Segment Open
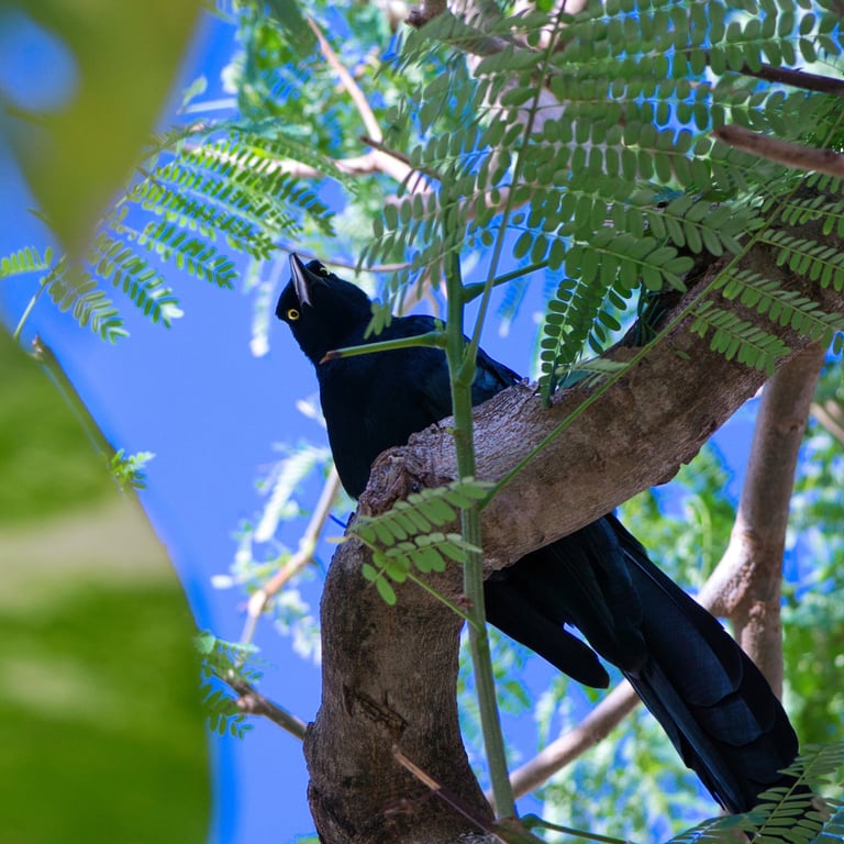 Caminando sobre la carretera que llega al aeropuerto de Cancún descubrí algo: las plumas de un zanate macho que recientemente había muerto no eran negras, sino azules. La revelación me pareció brutal. ¿Cómo un ave (con sus plumas azules, pero también negras y ojos color de sol) es un cielo de colores que cruza el cielo? Las hembras, en cambio, son del color de la tierra. Y ambos se comportan tan humanos, que podrían ser ellos quienes me fotografían con los ojos. Los zanates siempre están cerca y se dejan ver, excepto a través de la cámara. Se van. Son aves de carácter fascinante.
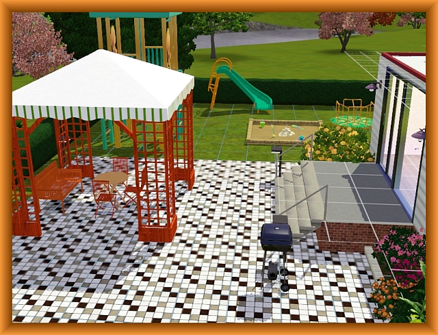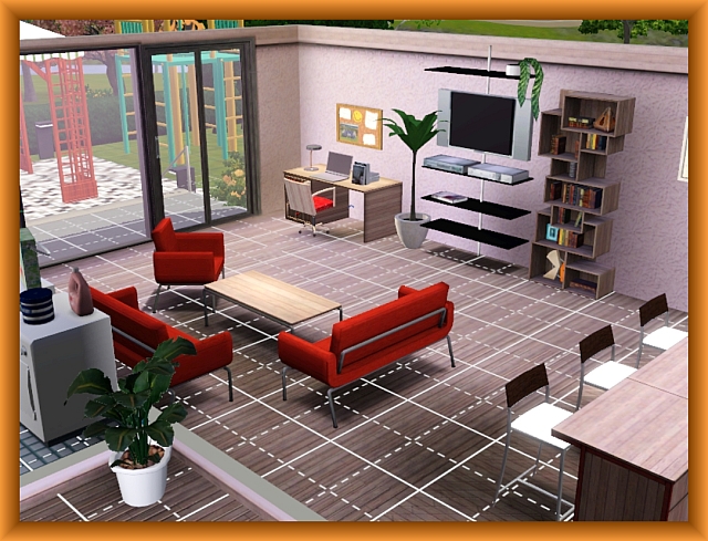 This home is for a sim family with one or two children. The spacious hall leads the visitors in in all the other rooms of the house. On the right side are the kitchen and the livingroom. In the middle there is the bathroom with a little laundry included. Leftside there are the sleepingroom for the parents and the childrens room. In the backyard is a swimmingpool, a nice veranda and a great playground for the children. On the right side of the house is a carport. Enjoy!
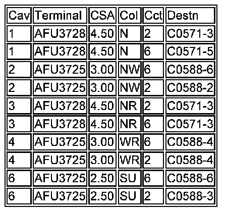 ^ Wire Chart (Pin-out table) - A six column table, giving details of each wire within the connector:
Segment Closed
- TASK ITEM -
Your copy must consist solely of the lines from the one containing "This home is" through the final line of the material above, transcribed exactly, with the pictures left out.

- WRITTEN ANSWER -
 This home is for a sim family with one or two children. The spacious hall leads the visitors in in all the other rooms of the house. On the right side are the kitchen and the livingroom. In the middle there is the bathroom with a little laundry included. Leftside there are the sleepingroom for the parents and the childrens room. In the backyard is a swimmingpool, a nice veranda and a great playground for the children. On the right side of the house is a carport. Enjoy!
 ^ Wire Chart (Pin-out table) - A six column table, giving details of each wire within the connector:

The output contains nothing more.